▶ [GIVEN INFORMATION]
--

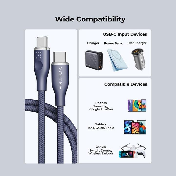 Voltme Moss Series Cable USB-C To USB-C 1m 60W - Blue
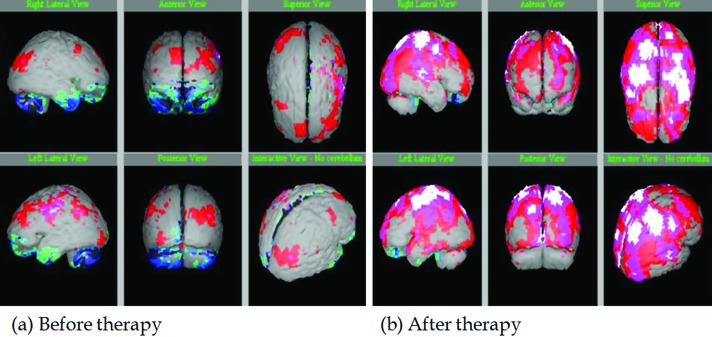 在我們的機構,患者接受了hESC治療作為主要治療。經過四次治療后,他的認知能力和溝通能力都有所提高。他的手眼協調能力得到了改善,言語能力也得到了改善,并且可以同時完成多項任務。他對嗅覺/聽覺刺激的過敏減輕了,身體變得強壯,免疫系統也得到了改善。治療后,2013年7月1日對他進行的SPECT掃描顯示腦灌注流量正常。在大腦和小腦區域觀察到的灌注程度顯著降低(圖2)。
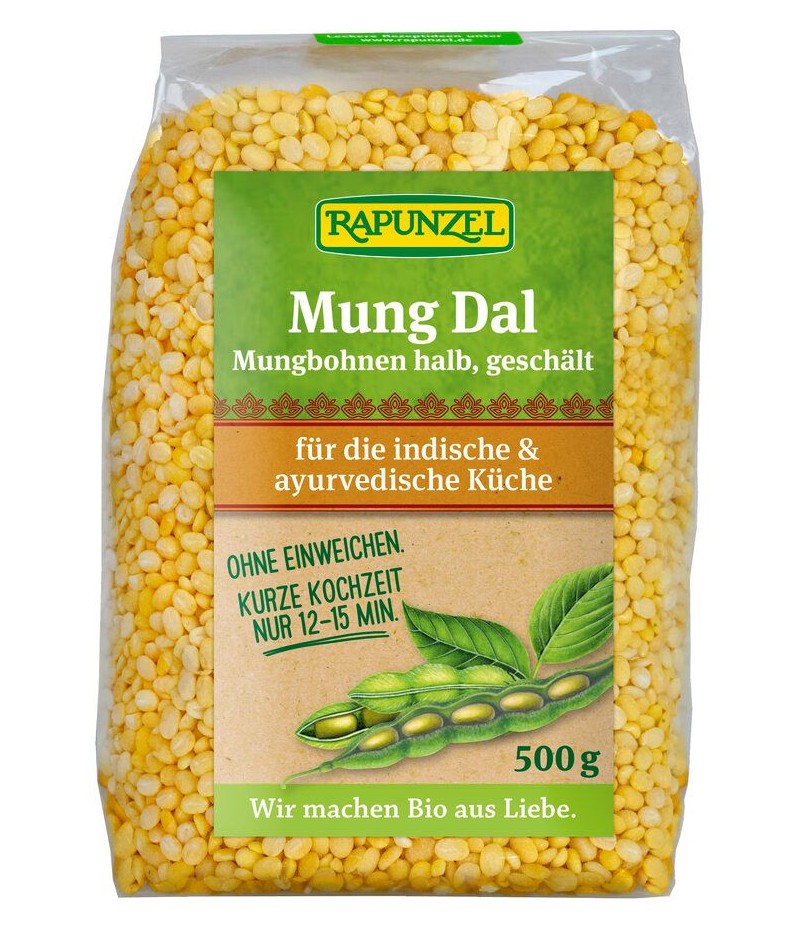Mung dal to obrane połówki ziaren fasoli mung, gotowane bez wstępnego moczenia w zaledwie 12 do 15 minut.
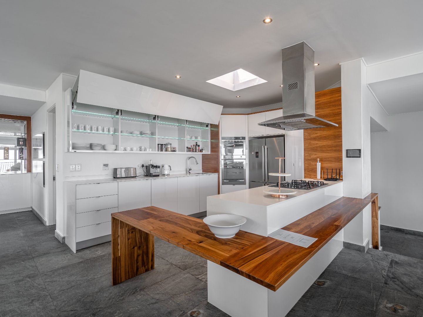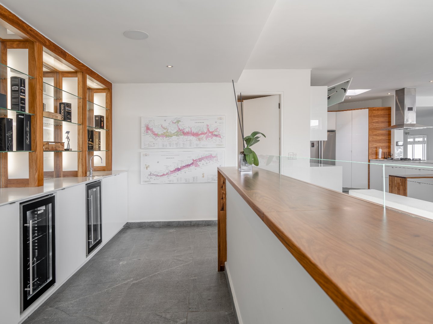 Featuring 5 bedrooms, all en-suite; a fully functioning bar (which can be stocked on request at an additional charge); a modern and open-plan kitchen, dining and living area; and a large balcony with full views of the Atlantic Ocean.if Style and Luxury is what you are after for your holiday rental needs, then look no further! Villa Ravensteyn is perfectly suited for large families or friends looking to escape to Cape Town for a holiday.

--

▶ [WHAT YOU ARE ASKED TO DO] Find where the line with "在我們的機構,患者接受了hE" sits in the material above and where the line with "Mung dal to" sits. Set down exactly the lines from the first to the second, both included and nothing else, without pictures.

▶ [EXERCISE ANSWER]
 在我們的機構,患者接受了hESC治療作為主要治療。經過四次治療后,他的認知能力和溝通能力都有所提高。他的手眼協調能力得到了改善,言語能力也得到了改善,并且可以同時完成多項任務。他對嗅覺/聽覺刺激的過敏減輕了,身體變得強壯,免疫系統也得到了改善。治療后,2013年7月1日對他進行的SPECT掃描顯示腦灌注流量正常。在大腦和小腦區域觀察到的灌注程度顯著降低(圖2)。
Mung dal to obrane połówki ziaren fasoli mung, gotowane bez wstępnego moczenia w zaledwie 12 do 15 minut.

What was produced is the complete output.